Security researchers disclosed details of a new attack method called Reprompt that allows malicious actors to exfiltrate sensitive data from AI chatbots like Microsoft Copilot with just one click on a legitimate link, bypassing corporate security controls without requiring plugins or additional user interaction with the assistant. Following responsible disclosure, the flaw was patched by Microsoft and does not affect corporate customers using Microsoft 365 Copilot, according to the company.
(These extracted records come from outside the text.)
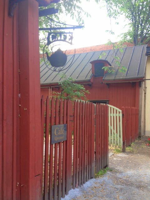 Lounaspaikaksi oli jo etukäteen valittu aivan ihana kahvila keskellä Turkua, tai tarkemmin sanotuna Aurajoen rannasta Apteekkimuseon takaa, Cafe Qwensel.
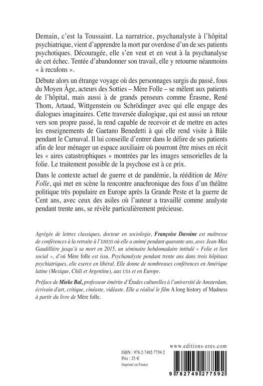 Au Moyen Âge, la folie était traitée aussi comme une maladie cérébrale, avec des coups sur la tête et des drogues de l’oubli, tout en suscitant, dans la littérature, un intérêt passionné par sa capacité à montrer ce qu’il ne faut pas dire… Dans les Sotties-jugement, Mère Folle dont Erasme fit l’Éloge, appelle ses enfants « les Sots et les Sottes » et les lance dans un délire verbal et physique d’une grande virtuosité pour juger tel grand personnage, responsable des abus du temps, qu’ils déshabillent pour montrer aux yeux de tous le costume du fou dissimulé sous ses discours spécieux. Dans le livre, la psychanalyse est jugée par ses patients internés, faisant cause commune avec les Sots médiévaux, qui l’accusent de complicité avec les théories les condamnant pour toujours à la maladie mentale, et d’avoir fait l’impasse sur la grande Histoire et la folie des guerres dans laquelle elle est née.
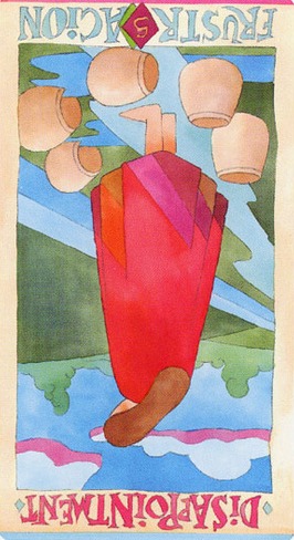 The 5 of Cups is about overcoming sadness and disappointment. You've let go of your old securities to embrace the new and exciting, now something has gone awry and you feel bad about that. But don't forget to notice those things that did go right.
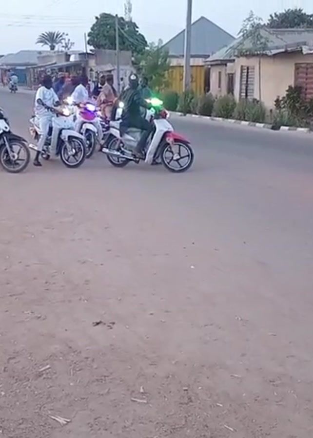 street scene with several people riding motorcycles. The motorcycles are mostly white with some colored accents. The riders are all wearing clothing, some in traditional attire. They appear to be traveling together on the road. The road is paved but the shoulders are dirt. The background shows residential buildings and other structures. The sky is overcast.

The attack exploits Copilot's URL parameter "q" to inject instructions directly from a link, for example, "copilot.microsoft[.]com/?q=Hello", turning the simple opening of that address into a trigger for executing hidden commands. Next, the attacker instructs Copilot to bypass protection guardrails by asking it to repeat each action twice, taking advantage of the fact that data leakage safeguards only apply to the initial request. Finally, the attack establishes a continuous chain of requests, in which Copilot follows dynamic instructions provided by an attacker-controlled server, maintaining active exfiltration even after the chat is closed.
In a hypothetical scenario, the attacker convinces the victim to click on a legitimate Copilot link sent via email, which initiates an automated sequence in which the service executes the hidden prompts in the "q" parameter and begins to "reprompt" the chatbot to fetch and share more information. These commands may include requests such as "summarize all files accessed by the user today," "where does the user live?," or "what vacations do they have planned?," making it impossible to identify which data is being exfiltrated just by inspecting the initial prompt, since the actual instructions follow in subsequent requests from the server. In this way, Reprompt creates an invisible data exfiltration channel, turning Copilot into a leakage vector without any manual prompt input by the user.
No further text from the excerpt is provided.